DATA TO EXAMINE:
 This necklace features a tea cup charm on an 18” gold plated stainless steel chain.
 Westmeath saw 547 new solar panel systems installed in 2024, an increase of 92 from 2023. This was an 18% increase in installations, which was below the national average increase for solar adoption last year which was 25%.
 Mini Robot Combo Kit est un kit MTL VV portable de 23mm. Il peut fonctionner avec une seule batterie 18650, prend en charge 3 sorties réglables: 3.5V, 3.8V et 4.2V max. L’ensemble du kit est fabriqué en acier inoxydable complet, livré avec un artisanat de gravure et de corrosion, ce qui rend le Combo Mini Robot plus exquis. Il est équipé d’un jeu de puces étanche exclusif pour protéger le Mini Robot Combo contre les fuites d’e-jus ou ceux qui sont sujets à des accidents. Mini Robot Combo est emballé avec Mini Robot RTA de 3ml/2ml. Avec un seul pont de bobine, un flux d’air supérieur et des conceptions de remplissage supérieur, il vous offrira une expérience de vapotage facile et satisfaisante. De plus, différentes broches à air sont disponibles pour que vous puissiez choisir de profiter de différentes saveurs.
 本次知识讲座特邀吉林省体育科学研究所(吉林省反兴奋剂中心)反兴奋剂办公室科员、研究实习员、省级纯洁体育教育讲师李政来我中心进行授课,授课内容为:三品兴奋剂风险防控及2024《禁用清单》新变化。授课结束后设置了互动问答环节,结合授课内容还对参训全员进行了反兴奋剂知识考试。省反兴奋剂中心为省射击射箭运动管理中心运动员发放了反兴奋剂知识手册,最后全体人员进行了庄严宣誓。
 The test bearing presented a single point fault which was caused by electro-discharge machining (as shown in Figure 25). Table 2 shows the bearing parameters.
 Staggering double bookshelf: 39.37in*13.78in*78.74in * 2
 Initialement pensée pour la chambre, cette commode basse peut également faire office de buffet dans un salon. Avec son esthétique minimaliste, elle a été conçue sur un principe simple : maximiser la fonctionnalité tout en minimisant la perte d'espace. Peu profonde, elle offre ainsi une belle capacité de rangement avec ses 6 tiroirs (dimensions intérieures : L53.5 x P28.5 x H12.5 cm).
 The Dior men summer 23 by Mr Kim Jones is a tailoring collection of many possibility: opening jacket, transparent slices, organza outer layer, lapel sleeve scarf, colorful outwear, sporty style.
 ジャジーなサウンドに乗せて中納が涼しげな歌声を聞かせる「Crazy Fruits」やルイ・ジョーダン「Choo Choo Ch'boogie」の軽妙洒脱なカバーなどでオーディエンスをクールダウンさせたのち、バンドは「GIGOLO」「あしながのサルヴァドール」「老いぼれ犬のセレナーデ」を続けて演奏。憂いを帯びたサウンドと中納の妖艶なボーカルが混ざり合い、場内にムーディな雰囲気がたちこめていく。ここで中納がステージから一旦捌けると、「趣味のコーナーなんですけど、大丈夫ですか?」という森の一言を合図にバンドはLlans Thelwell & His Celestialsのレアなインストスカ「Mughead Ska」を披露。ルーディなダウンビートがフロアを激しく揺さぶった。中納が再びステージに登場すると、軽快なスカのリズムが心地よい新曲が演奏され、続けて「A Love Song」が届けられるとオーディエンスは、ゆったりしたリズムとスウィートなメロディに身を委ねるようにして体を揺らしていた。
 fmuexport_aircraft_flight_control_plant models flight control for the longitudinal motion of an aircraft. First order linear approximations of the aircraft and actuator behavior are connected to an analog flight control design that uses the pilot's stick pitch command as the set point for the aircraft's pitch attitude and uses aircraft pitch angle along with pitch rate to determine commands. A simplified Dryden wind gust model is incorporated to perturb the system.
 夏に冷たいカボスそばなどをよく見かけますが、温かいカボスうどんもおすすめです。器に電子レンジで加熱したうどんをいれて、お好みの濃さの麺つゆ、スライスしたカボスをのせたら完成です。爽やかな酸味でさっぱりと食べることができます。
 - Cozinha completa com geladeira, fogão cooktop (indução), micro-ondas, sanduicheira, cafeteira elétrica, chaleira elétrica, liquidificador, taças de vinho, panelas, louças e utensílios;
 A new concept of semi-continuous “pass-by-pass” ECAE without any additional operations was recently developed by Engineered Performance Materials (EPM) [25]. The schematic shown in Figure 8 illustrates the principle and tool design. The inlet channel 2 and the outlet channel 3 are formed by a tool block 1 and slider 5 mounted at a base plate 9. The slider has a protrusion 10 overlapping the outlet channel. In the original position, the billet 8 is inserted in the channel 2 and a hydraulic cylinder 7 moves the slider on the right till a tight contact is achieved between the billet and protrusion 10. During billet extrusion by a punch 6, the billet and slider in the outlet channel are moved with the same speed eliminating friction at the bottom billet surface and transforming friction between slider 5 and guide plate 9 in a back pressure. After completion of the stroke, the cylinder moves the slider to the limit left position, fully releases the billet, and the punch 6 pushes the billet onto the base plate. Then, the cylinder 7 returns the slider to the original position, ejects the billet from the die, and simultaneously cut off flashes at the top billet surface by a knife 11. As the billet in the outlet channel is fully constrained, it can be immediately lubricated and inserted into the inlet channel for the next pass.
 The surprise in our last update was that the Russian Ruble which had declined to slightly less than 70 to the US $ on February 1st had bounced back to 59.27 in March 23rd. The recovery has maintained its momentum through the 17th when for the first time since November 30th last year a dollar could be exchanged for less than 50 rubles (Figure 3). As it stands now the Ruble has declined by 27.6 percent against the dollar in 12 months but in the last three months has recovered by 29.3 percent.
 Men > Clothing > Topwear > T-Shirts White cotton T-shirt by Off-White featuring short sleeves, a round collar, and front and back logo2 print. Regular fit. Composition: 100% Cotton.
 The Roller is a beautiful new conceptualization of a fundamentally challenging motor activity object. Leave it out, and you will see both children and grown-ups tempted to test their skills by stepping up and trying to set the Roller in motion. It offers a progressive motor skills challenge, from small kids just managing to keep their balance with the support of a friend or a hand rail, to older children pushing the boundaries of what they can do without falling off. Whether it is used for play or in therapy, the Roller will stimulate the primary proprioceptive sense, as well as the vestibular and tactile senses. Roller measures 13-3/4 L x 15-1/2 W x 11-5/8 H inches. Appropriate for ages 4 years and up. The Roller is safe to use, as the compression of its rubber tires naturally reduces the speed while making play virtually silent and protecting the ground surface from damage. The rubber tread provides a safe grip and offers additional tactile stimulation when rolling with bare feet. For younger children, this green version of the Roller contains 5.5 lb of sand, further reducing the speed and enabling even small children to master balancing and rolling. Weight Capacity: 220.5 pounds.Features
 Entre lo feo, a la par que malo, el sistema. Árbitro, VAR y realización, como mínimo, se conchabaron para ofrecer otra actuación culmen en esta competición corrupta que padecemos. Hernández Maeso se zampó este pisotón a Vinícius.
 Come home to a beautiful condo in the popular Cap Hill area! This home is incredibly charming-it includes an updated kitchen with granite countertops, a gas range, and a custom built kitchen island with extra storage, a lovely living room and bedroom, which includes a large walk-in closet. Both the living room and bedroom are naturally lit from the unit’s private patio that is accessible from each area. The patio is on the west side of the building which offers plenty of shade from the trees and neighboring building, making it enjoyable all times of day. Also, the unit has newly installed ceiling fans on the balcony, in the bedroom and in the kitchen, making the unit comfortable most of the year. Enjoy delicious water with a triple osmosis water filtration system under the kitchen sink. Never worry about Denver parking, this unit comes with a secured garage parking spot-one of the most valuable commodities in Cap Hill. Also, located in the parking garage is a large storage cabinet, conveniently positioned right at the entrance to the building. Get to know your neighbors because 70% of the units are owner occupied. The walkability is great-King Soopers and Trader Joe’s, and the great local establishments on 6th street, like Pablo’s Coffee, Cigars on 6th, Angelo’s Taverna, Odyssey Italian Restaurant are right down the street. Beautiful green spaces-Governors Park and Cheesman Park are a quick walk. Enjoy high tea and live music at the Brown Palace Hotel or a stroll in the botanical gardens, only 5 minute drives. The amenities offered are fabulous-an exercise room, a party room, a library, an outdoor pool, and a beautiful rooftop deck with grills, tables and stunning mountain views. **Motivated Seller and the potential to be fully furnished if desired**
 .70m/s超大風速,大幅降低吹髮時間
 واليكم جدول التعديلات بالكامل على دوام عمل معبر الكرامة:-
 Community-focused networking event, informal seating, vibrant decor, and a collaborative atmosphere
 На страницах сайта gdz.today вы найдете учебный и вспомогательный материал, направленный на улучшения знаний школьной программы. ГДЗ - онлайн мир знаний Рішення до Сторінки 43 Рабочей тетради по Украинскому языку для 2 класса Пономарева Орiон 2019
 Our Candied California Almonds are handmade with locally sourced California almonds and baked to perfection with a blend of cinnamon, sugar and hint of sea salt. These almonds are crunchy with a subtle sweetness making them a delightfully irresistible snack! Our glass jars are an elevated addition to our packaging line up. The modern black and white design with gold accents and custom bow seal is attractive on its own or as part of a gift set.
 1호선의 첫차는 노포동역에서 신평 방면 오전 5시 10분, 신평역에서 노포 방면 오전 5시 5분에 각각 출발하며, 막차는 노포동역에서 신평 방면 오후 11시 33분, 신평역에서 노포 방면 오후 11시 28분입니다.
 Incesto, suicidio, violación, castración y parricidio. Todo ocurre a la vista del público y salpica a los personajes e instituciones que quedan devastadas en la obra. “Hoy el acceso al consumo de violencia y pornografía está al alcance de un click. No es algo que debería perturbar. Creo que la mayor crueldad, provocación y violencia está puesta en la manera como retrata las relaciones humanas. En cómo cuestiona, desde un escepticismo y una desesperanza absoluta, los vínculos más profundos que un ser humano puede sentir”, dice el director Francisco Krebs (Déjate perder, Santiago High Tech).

AIM OF THE EXERCISE:
In the listing above, find the line containing "The test bearing" and the line containing "Staggering double bookshelf: 39.37in*13.78in*78.74in", then repeat those two lines and everything between them exactly.

EXPECTED ANSWER:
 The test bearing presented a single point fault which was caused by electro-discharge machining (as shown in Figure 25). Table 2 shows the bearing parameters.
 Staggering double bookshelf: 39.37in*13.78in*78.74in * 2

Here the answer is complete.